Greg Link, of the North Dakota Game and Fish Department, said the program has been a big help in preserving the state's pheasant, big game and waterfowl populations. The increased populations are a boon for both conservationists and the state's growing hunting industry.

North Dakota has 3.4 million acres in the CRP program, an allotment it receives from the federal government based on a scoring formula that rates land on how environmentally sensitive it is. The most environmentally sensitive land is first in line for the program.

Link said any reduction in the total allotment could have had an adverse effect on western North Dakota, where a lot of land has low scores in the government's sensitivity rating system and thus would be among the first acres dropped out under any reduction.

Conrad said maintaining the CRP funding allotment was a low-key, widely agreed upon decision in committee.

Link said he's hoping that the committee agreement can survive the rest of the process - which involves a full vote in the Senate, committees of lawmakers to reconcile differences between the House and Senate versions, and then final passage of an agreed upon version in both chambers.

"We hope the conservation title in the farm bill stays intact," he said. "If it were to decrease, it would have a definite impact on our waterfowl and pheasant populations."

But even without a federal funding reduction, the amount of CRP land is likely to decrease in the coming years.
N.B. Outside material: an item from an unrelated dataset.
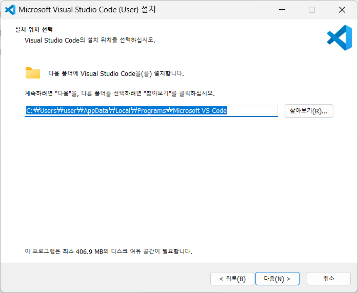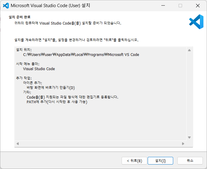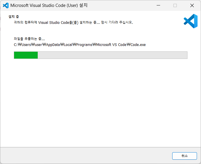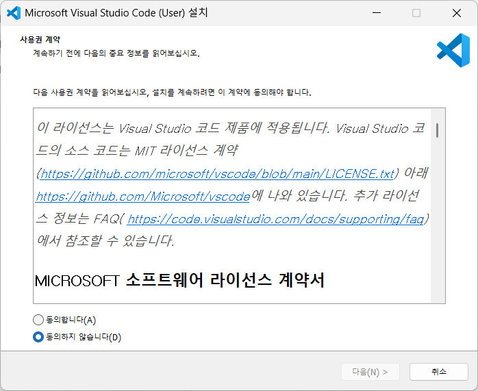 다운로드 폴더로 이동해서 설치파일을 실행하고 vscode를 설치한다.

A recent study by the Farm Services Administration shows that at least 520,000 acres will fall out of the program by 2010.

Conrad said it's a simple matter of economics: Soaring grain prices make the land relatively more attractive to farm on.

"I think we will likely see a significant amount of acreage come out," he said.

Ethanol production and global food demand are behind the soaring prices.

But as farmers are making good money from these increases, a countervailing economic impact may be felt in the hunting industry. The FSA adjusts CRP compensation upward with the rise in commodity prices, but because it bases this on a three-year average and some of the most significant increases came in the last year, it's bound to be behind.

Scott McLeod, regional biologist for Ducks Unlimited, said it will have a widespread impact because many waterfowl hatch in North Dakota and are harvested by hunters somewhere else.

"Not only will it affect our waterfowl here, it will affect it throughout the U.S. and even into South America," McLeod.

He said Ducks Unlimited is happy that 39.4 million acres will continue to be funded because that will leave a large program that farmers can come back to if commodity prices drop, causing their relative economic incentives to shift.